> GPT-3 struggles with large numbers, decimal numbers, and negative numbers. When used it returns answers that are close but often incorrect.
Regarding GPT-3's "guesstimates," intuitively it feels like the network has to guess because it hasn't been given a way to do exact computation--a neural network is built out of nonlinear functions--even if it "understands" the prompt (for whatever value you want to give to "understand").
Are there any techniques that involve giving the model access to an oracle and allowing it to control it? To continue the analogy, this would be the equivalent of giving GPT-3 a desk calculator.
If this is a thing, I have other questions. How do you train against it? Would the oracle have to be differentiable? (There are multiple ways to operate a desk calculator to evaluate the same expression.) Also, what control interface would the model need so that it can learn to use the oracle? (Would GPT-3 emit a sequence of 1-hot vectors that represent functions to do, and would the calculator have "registers" that can be fed directly from the input text? Some way of indirectly referring to operands so the model doesn't have to lossily handle them.)
There are many papers trying to couple language models with external modules.
In the Retrieval-Enhanced Transformer (RETRO) paper a large language model was coupled with a similarity based text index. It can populate the prompt with relevant information from the index thus being more grounded and update-able.
In another paper (AlphaCode) the language model was coupled with a compiler and could run programs and check if they match the expected outputs for a few test cases. The model was able to solve competition style coding problems above average human score.
In another paper (Language Models as Zero Shot Planners) a language model generates commands to navigate a virtual home environment and performs tasks. The knowledge in the LM helps in quickly learning tasks.

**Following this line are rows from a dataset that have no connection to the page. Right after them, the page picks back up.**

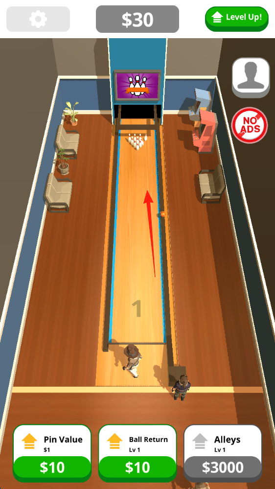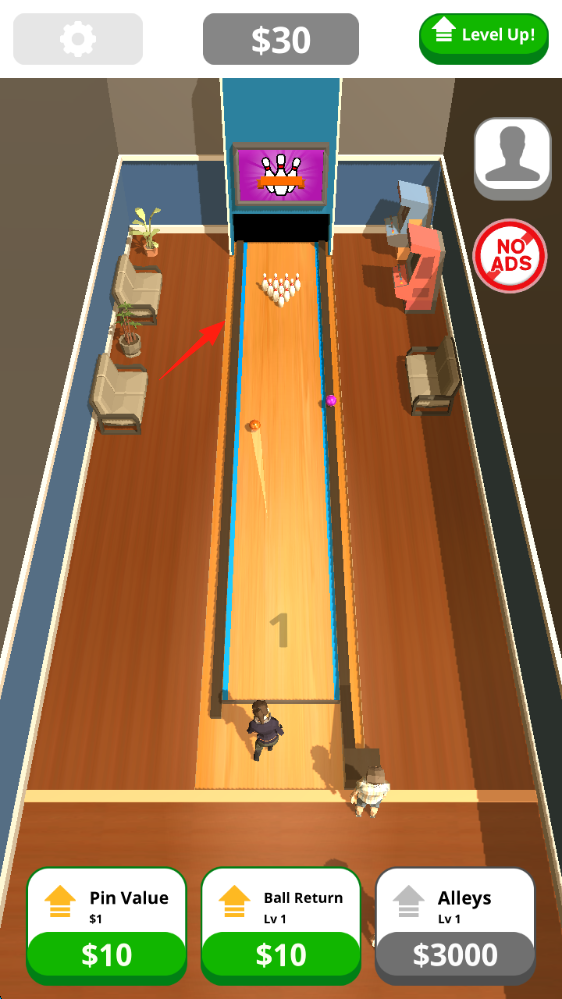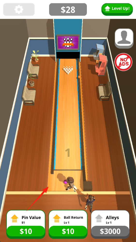 1、经营升级用金币($28→$30)升级“PinValue(球瓶价值)”“BallReturn(回球速度)”“Alleys(球道数量)”,提升场馆收益、体验。
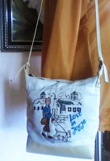 Tas kanvas dengan hiasan bordir tema kartun Tintin Lost in Jogja. Tas selempang kecil yang praktis untuk dibawa jalan-jalan santai, sekedar mengantongi dompet dan hape. Panjang tali bisa diatur panjang-pendeknya. Lukisan bordir dibuat menggunakan mesin Juki. Penutup memakai ritsliting. Ukuran tas; panjang 24cm, tinggi 28cm, dan lebar 9cm. Harga: 100K IDR (tidak termasuk ongkos kirim).
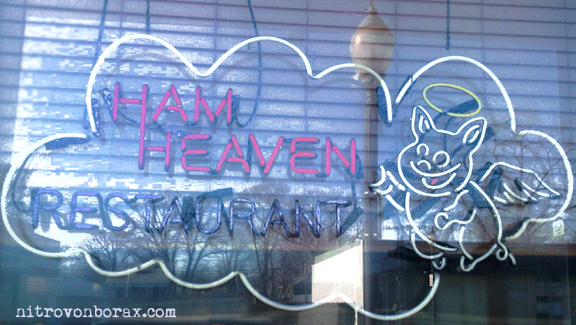 Ham Heaven, in Ferndale. Out of business, now. But boy, did the pigs ever love being slaughtered and eaten at Ham Heaven.
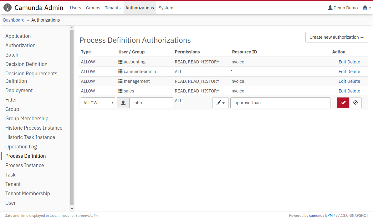 To allow the user john to see the process definition Loan Approval, you have to go to Cadenzaflow Admin (http://localhost:8080/cadenzaflow/app/admin/default/#/authorization?resource=6). Next, click on the button Create new authorization to add a new authorization on the resource process definition. Now you can give the user john all permissions on process definition approve-loan. When you are done, submit the new authorization.
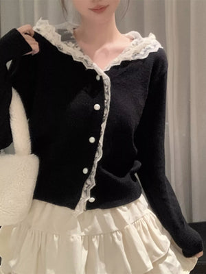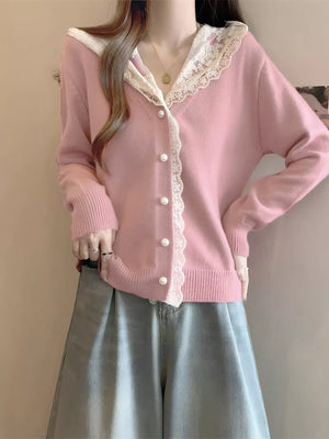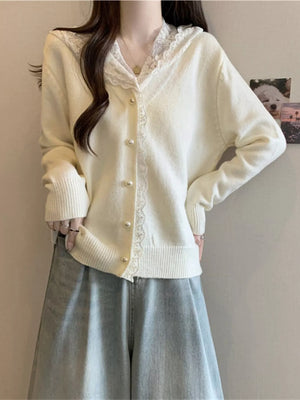 Lace Trim Hooded Cardigan
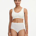 The Ivory 035 colour — a classic off-white for everyday wear — provides subtle sophistication, making this top a versatile foundation whether you’re wearing light-coloured garments, dark outfits, or anything in between. With smooth edges, soft stretch and light structure, it’s perfect for daily wear, travel, or comfort-first lounging.
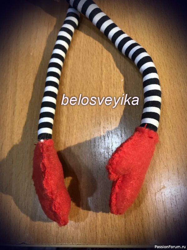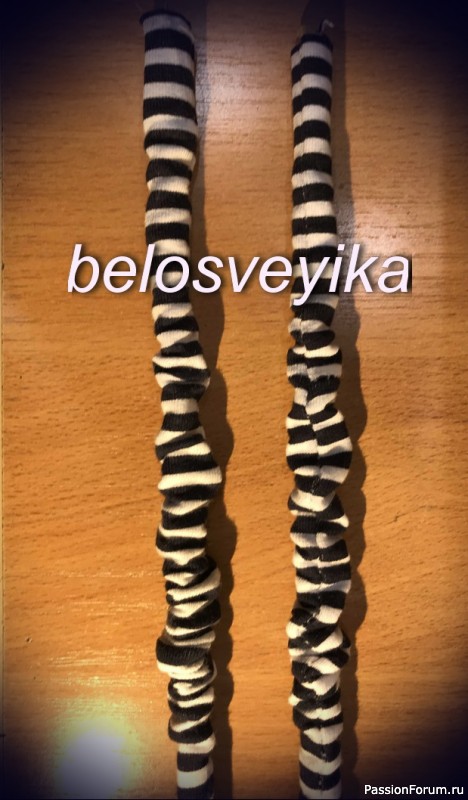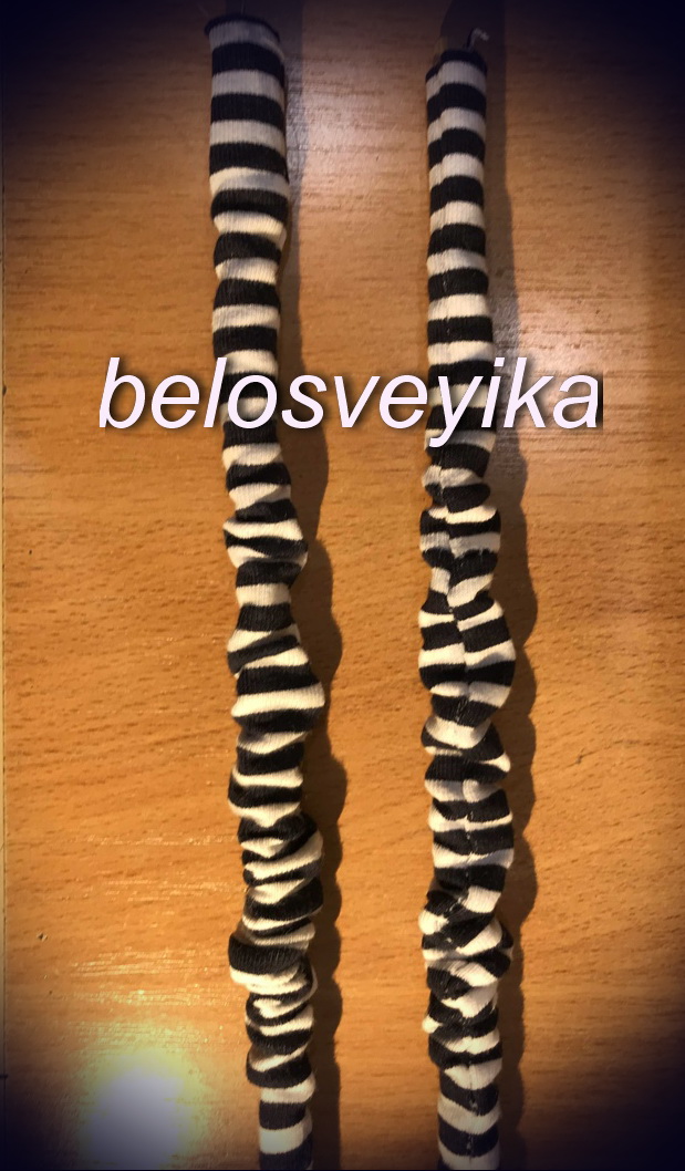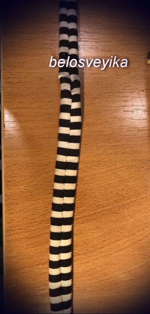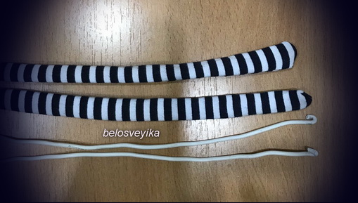 5) Ноги.Берем любой трикотаж, я взяла полосатый.Берем 2 палочки для суши
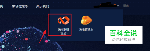 登录成功后点击自己用户名的向下箭头,选择淘宝联盟(站长)。
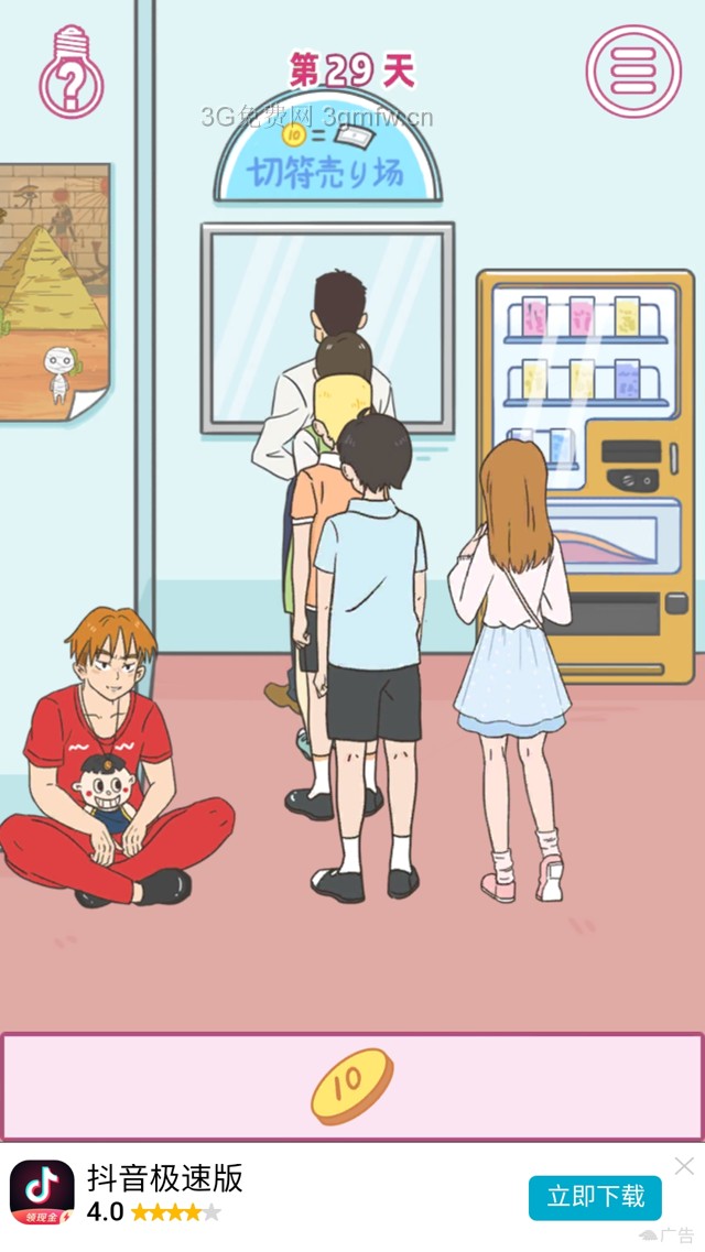 在男主裤兜中获得钱,放入旁边的自助购物机中,获得烟,给旁边的做着的工作人员获得两张票,把票放到男女主中间第三十关
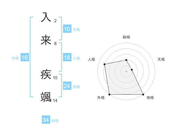 入来 疾颯さんを姓名の画数から五運を鑑定
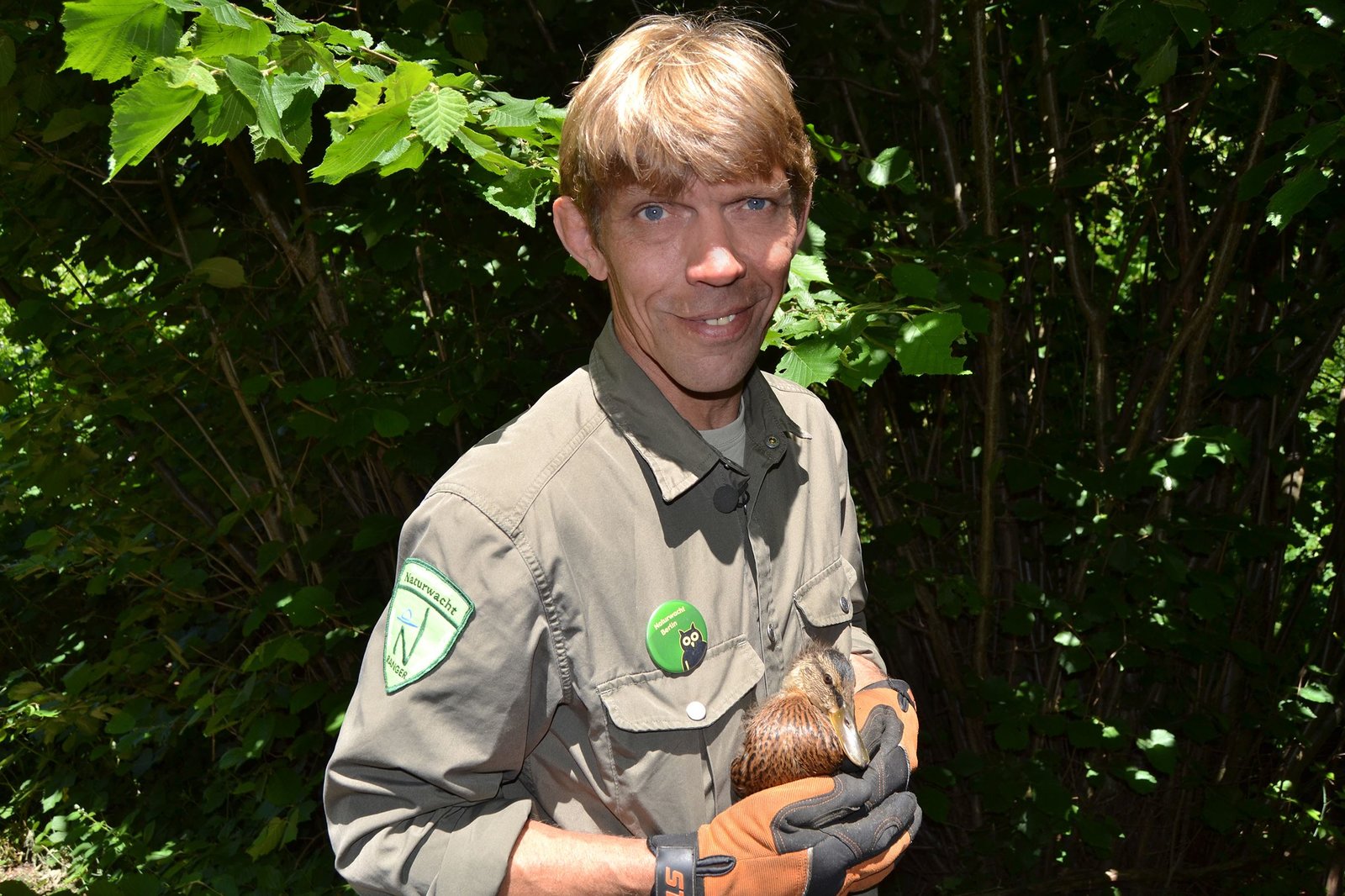 Von kranken Igeln und jungen EichhörnchenBerlin ist nicht nur voller Menschen und Autos, die Hauptstadt kann auch mit einer außergewöhnlich großen, tierischen Artenvielfalt aufwarten - mehr als 50 Säugetier- und rund 180 Vogelarten hat die Hauptstadt zu bieten. Dank ausgedehnter Grünflächen und vielen Gewässern finden immer mehr tierische Bewohner den Weg in die Stadt. Immer öfter kommt es zu spannenden Begegnungen mit Wildtieren. - NaturRanger Björn Lindner (Leiter der Naturschutzstation Marienfelde) hält eine junge Stockente im Arm.Bild: © rbb
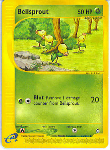 | Type | Grass | | Pokemon serie | Aquapolis | | Stadie | Basic | | HP | 50 | | Sjældenhed | Uncommon | | Tilbagetrækning | 1 | | Svaghed | R | | Kortnummer | 45 | | Evne | [CG] Blot (20) Remove 1 damage counter from Bellsprout, if any.
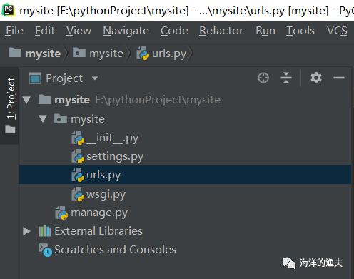 可以看到项目已经自动创建了不少目录了,其中里面存在了一个mysite的文件夹。
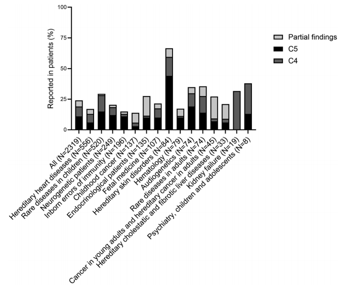 各患者类别中具有解释性发现或部分发现的临床报告所占百分比。图片来源:European Journal of Human Genetics
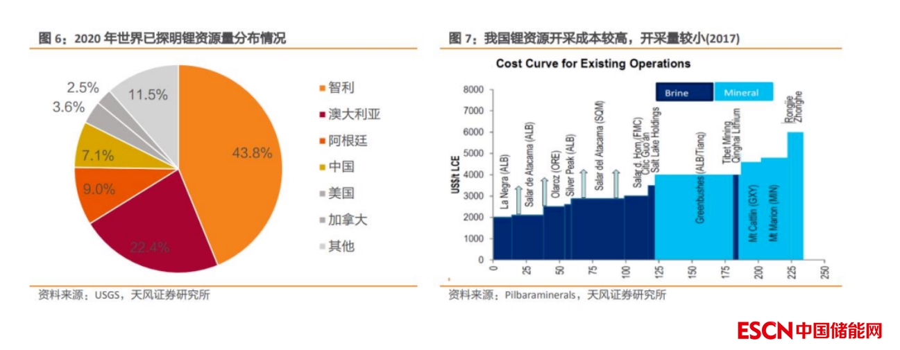 鋰資源國內(nèi)供應(yīng)能力弱,對外依存度高。2020 年全球已探明鋰資源量 2100 萬噸,其中我國已探明鋰資源量達(dá) 150 萬噸,占全球總儲(chǔ)備量的 7.1%,潛在供給相對充足;但受限于鋰資源的品質(zhì)(鎂鋰比較高)以及開采條件(地理氣候條件差)等因素,我國鋰資源實(shí)際供應(yīng)能力較弱,對外依存度高。
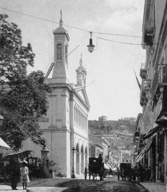 The Russian Church on Philellinon Street, ca. 1870. Photo Source: Ε. Γ. Σκιαδάς, “Η Σώτειρα του Λυκοδήμου (Αγία Τριάς) της οδού Φιλελλήνων,” Τα Αθηναϊκά, 6/8/2019.
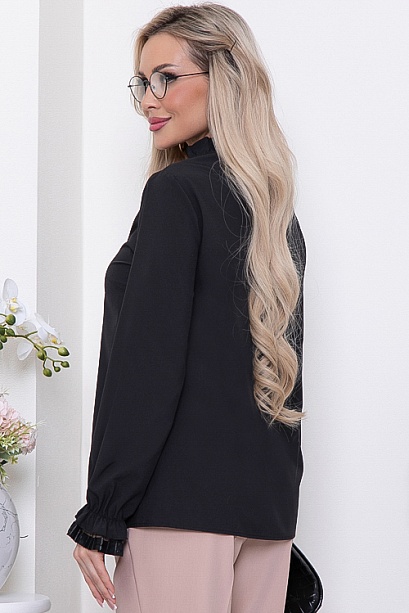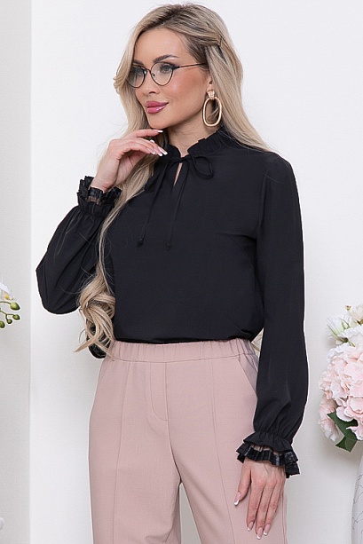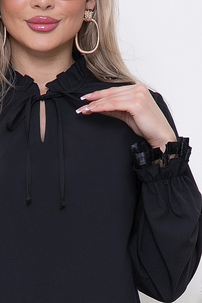 Блузка из текстильного полотна свободного силуэта.Горловина с рюшей и завязками.Рукава длинные украшены гофрированным воланом.

A recent one can learn new concepts by simple conversation, then apply them where necessary. You can talk-train your model. (Memory assisted prompt editing to improve GPT 3 after deployment)
So the trend is to add "toys" on language models - a simulator, a compiler, a search engine, a long term memory module.
I'd like to see a recursive language model, that can sub-call itself to decompose problems.
Yeah, but I didn't bring it up because I wasn't sure how much is really the model choosing and how much is the human workflow: they emphasize the interactive part heavily.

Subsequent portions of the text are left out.